Yachts are getting more technologically sophisticated, adding features such as gyroscopic stabilization with computer control to reduce rocking and rolling; carbon fiber and composite construction to reduce weight; hybrid powertrains; and solar panels. Battery electric power is still a challenge for larger boats, though we may see continued advancement in that sphere as younger generations enter the market.

Recent design trends, according to Boat International, include enclosed “beach club” pool layouts replacing open-exterior decks; stern lounges; and softer, curving lines that mimic nature.

U.K.–based Sue Grant, a managing director at Berthon International, said current buyers are giddy but also practical. “A super-buoyant market favors the seller,” she said, “but buyers are canny, and they won’t pay a ridiculous premium. Those yachts that have sold best have been recent and in excellent condition.”

According to Boat International, there are more than 1,000 “superyachts” being built or on order in 2022, a 24.7% rise from 2021’s 847. Also last year, 493 people became billionaires, according to Forbes. The increase in the wealth of billionaires tallies closely to the growth in the yacht-sales market.

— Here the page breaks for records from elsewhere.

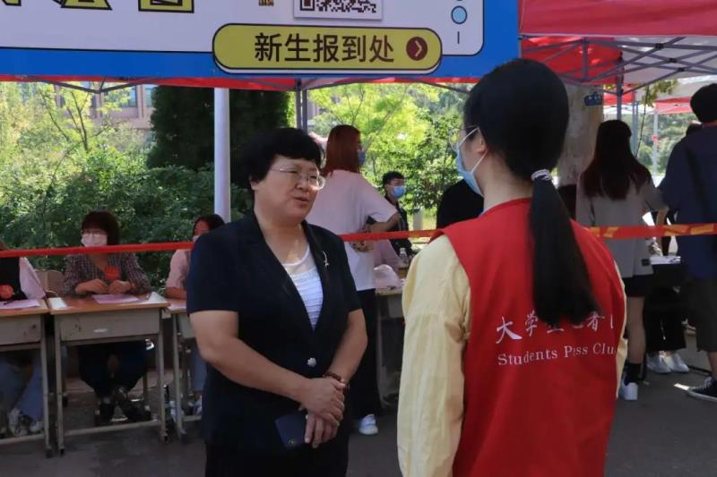 上午9点,校领导陈磊、宫淑瑰、耿金波、王雪晨来到迎新现场检查指导新生入校工作,询问工作中的问题,对各部门的辛勤工作表示感谢。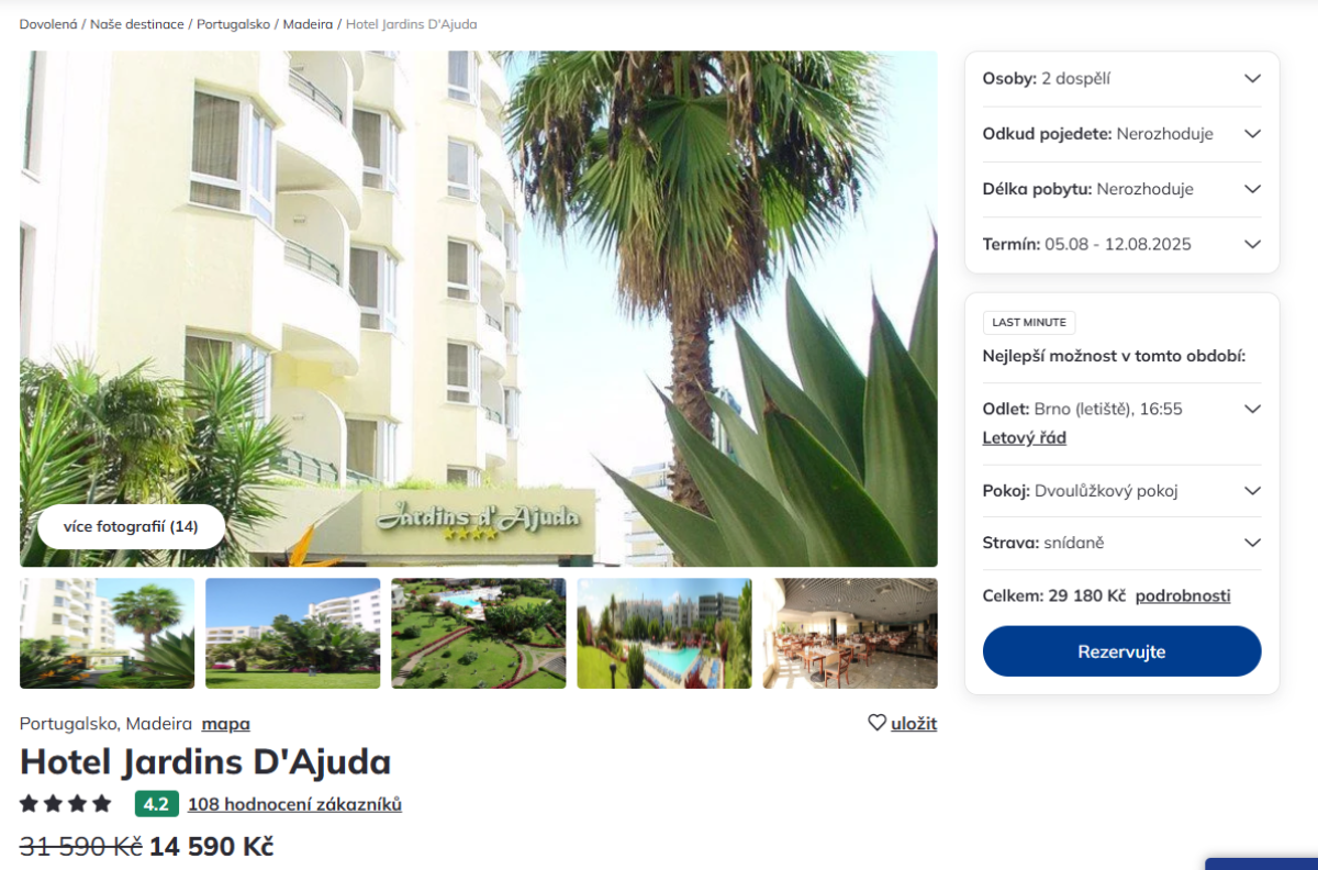 Pozrite si náš nástroj na porovnanie zájazdov na Madeiru a pozrite si ďalšie hotely a termíny s odletmi z Brna a Prahy.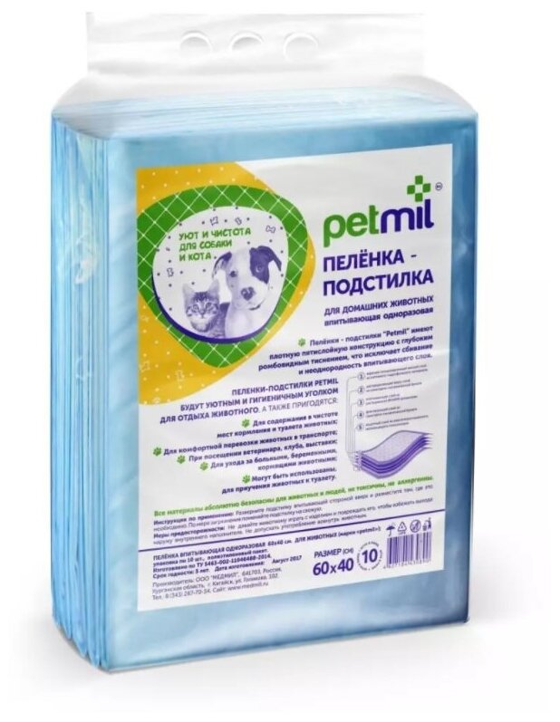 Пеленки (Petmil) впитывающие одноразовые 60*40 10шт для животных

Yachts continue to get larger, and more luxurious. The Malaysian billionaire Robert Kuok Hock Nien is reportedly the owner of the History Supreme, the world’s most expensive superyacht at $4.8 billion. Some 10,000 kilograms of gold and platinum were applied to the yacht as it was being built, and a highlight is a statue made from Tyrannosaurus Rex bones.

For boaters who don’t need ownership, there’s always the option of leasing a superyacht. The 466-foot, 11-cabin Flying Fox cost an estimated $400 million to build, has a staff of 55, and can accommodate 25 luxury-loving guests. Features include two helipads and a two-deck wellness center. Rental is $3.1 million per week. TOP MARKETS

In Hawaii, international buyers have been replaced by mainland U.S. buyers.

Mainland U.S. Buyers Boost Luxury Market

Due to travel restrictions and a very strong dollar, international buyers on the Hawaiian island of Oahu have dropped off considerably, but buyers from the mainland U.S. have more than made up the difference, according to Kalama Kim, president of Berkshire Hathaway HomeServices Hawai’i Realty.

When the pandemic began in March 2020, “we saw people saying ‘we can work from anywhere—let’s move to Hawaii,’ ” Mr. Kim said. Much of that has continued.

Mainland U.S. buyers are primarily from the western states of Oregon, Washington and California, and now also Nevada and Colorado, he said.

The pandemic has also brought a steady rise in prices, according to Mr. Kim. The average price for a single-family home in Oahu in April was $1.4 million, up from $940,000 two years ago. Average condo prices rose to $613,000 in April compared with $520,000 two years ago.

New condos continue to sell out quickly, and the resale market for condos continues to surge. The Oahu luxury market has a large number of second-home buyers, and these condos are quite convenient as second homes, Mr. Kim said.

The lifestyle on Oahu is particularly appealing “because it has a little bit of everything—beaches, big surf, a large city and an urban feel,” he said. “We have a vigorous restaurant scene, an art scene and that live/work/play feel that you will only find on Oahu.”

Busy submarkets, according to Mr. Kim, include the Kakaako district, a hip neighborhood between downtown Honolulu and Waikiki; the North Shore and Kailua, two premium spots on the island that are famous for their beaches; and the traditional luxury market in Diamond Head.

Inventory is tight, he said. In the luxury-condo market, remaining supply is now below five months. The previous low was 7.3 months in 2005.

The market for single-family homes is even tighter, he said. “We’re now down to four months supply. That’s the lowest we’ve ever seen.”

Looking ahead, “we believe there is a strong pent-up demand because of the lack of inventory,” he said. “People are going to wait until more listings come on the market, which will be eaten up quickly,” often paid for in cash.